Sampling from and decoding an HMM#

This script shows how to sample points from a Hidden Markov Model (HMM): we use a 4-state model with specified mean and covariance.

The plot shows the sequence of observations generated with the transitions between them. We can see that, as specified by our transition matrix, there are no transition between component 1 and 3.

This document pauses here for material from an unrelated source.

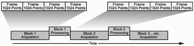 圖5是塊采集模式,可以實現實時無縫捕獲。對塊內部的所有幀,每個采集在時間上都是無縫的。在一個采集塊中的信號處理完成后,將開始采集下一個塊。塊存儲在內存中,可以應用任何實時測量。例如,實時頻譜模式下捕獲的信號可以在解調模式和時間模式下分析。
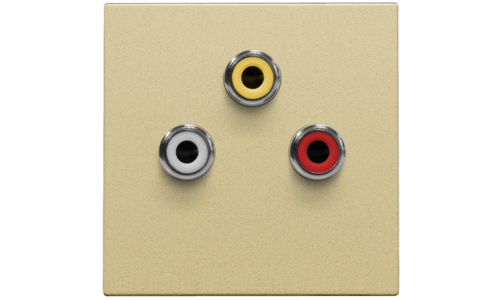 Afwerkingsset met drie cinch-aansluitingingen. Afwerkingskleur: alu gold coated.

Then, we decode our model to recover the input parameters.

import numpy as np
import matplotlib.pyplot as plt

from hmmlearn import hmm

# Prepare parameters for a 4-components HMM
# Initial population probability
startprob = np.array([0.6, 0.3, 0.1, 0.0])
# The transition matrix, note that there are no transitions possible
# between component 1 and 3
transmat = np.array([[0.7, 0.2, 0.0, 0.1],
                     [0.3, 0.5, 0.2, 0.0],
                     [0.0, 0.3, 0.5, 0.2],
                     [0.2, 0.0, 0.2, 0.6]])
# The means of each component
means = np.array([[0.0, 0.0],
                  [0.0, 11.0],
                  [9.0, 10.0],
                  [11.0, -1.0]])
# The covariance of each component
covars = .5 * np.tile(np.identity(2), (4, 1, 1))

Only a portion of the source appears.